An Essential Guide to Buildings’ Insurance

Have you ever considered what would happen if your home was destroyed in a flood or fire? Would you have enough money to build your home back to its original state? As much as thinking about worst-case scenarios is often something we put to the back of our mind, by being prepared with buildings’ insurance for such disasters it could save you a lot of money and heartache in the future.

If your home was destroyed in a flood, fire or due to subsidence; or it was damaged by a falling tree or a burst water pipe, buildings’ insurance would cover the amount it would cost to rebuild your home. It also includes fixtures that could be damaged in the process, including boilers, kitchens, baths and toilets.

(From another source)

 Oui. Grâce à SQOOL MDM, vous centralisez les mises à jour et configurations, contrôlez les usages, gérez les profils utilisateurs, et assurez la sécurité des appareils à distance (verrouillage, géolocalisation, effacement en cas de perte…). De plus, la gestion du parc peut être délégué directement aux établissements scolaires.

You may also find that your home insurance will cover sheds, garages and greenhouse, but you should always check as some policies won’t include other things such as paths, gates, fences and so on. Also check that your policy covers the clearing of the site too; for example, if there was a fire at your house, the site would need clearing of all the debris before rebuilding can commence. It’s also worth checking that accommodation while your home is being rebuilt is included alongside architects’ and surveyors’ fees.

Why should you have buildings’ insurance?

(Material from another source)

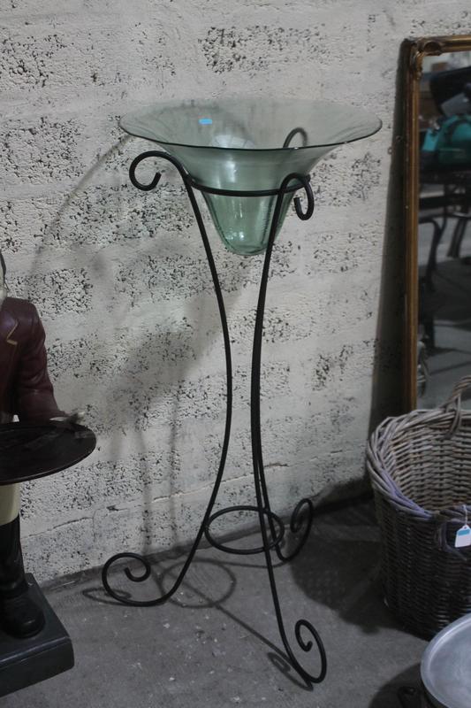 Lot 17 - OIL LAMP - IRON BASE & GREEN GLASS BOWL
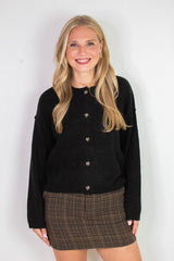 Cozy up in the Melina Roll Neck Cardigan, designed to keep you both snug and stylish. Featuring a playful button-down front, long sleeves for extra warmth, and charming ribbed knit trim, this black cardigan is perfect for layering on chilly days. Embrace comfort with a twist of fun!

In a lot of cases your mortgage lender will have asked you to carry out this kind of insurance; but even if you don’t have a mortgage this type of insurance is essential. You will also need to have contents’ insurance as buildings’ insurance will not cover possessions if something did happen at your home.

What kind of insurance cover will you need?

This is where it gets slightly complicated, as your buildings’ insurance will be valued at a price that is less than your property’s market value. This is partly due to the fact that the land in which it is situated on is taken into account in the market value but isn’t a part of the buildings’ insurance.

Always check your cover on a regular basis to make sure you are still insured as housing prices may rise after you have taken out the policy meaning the costs of rebuilding may be more than your buildings’ insurance is valued at. You should be able to find the assessed rebuilding costs on your mortgage agreement.

What happens if you need to make a claim?

Firstly, you should have established what kind of policy you have. For example, is your home a little different from the average property – does it have a thatched roof, is it made of stone or is it on the larger side? All of these factors will need taking into consideration, so it is a good idea to get an insurance valuation from a professional surveyor.

You will also need to note that other things such as the age of your property and whereabouts it is located will also come into consideration in the policy. For example, insurers will assess the location of the property in relation to flood and subsidence risks.

Then, if you do need to make a claim, your insurer should have provided you with some emergency telephone numbers that you can contact them on. These helplines should also offer you any advice that you may be seeking about making a claim, even if there isn’t an emergency at this moment in time.

Always make sure you are clued up as to what to do if something does happen; if a pipe bursts in your home, ensure you do as much as you can to stop it spreading as well as keeping any receipts that you have for the repair work. Once your work is carried out, you will need to complete a claim form and attach all of the relevant documentation, including receipts, invoices and other items, making sure you have a copy of all these before you send them.

What if my claim is rejected?

If you come to make a claim and then find that the insurer has rejected this claim, you’re entitled to know why this has happened. All insurers will process a claim through a standard procedure, which will be included within all of the documents you received with your policy. You can write to or call your insurer (recording dates and notes on what is said) and ask for their reasons for rejecting your claim.

If you are still not happy with the fact that your claim hasn’t been accepted and there has been no resolution, you can make a complaint using the Financial Ombudsman.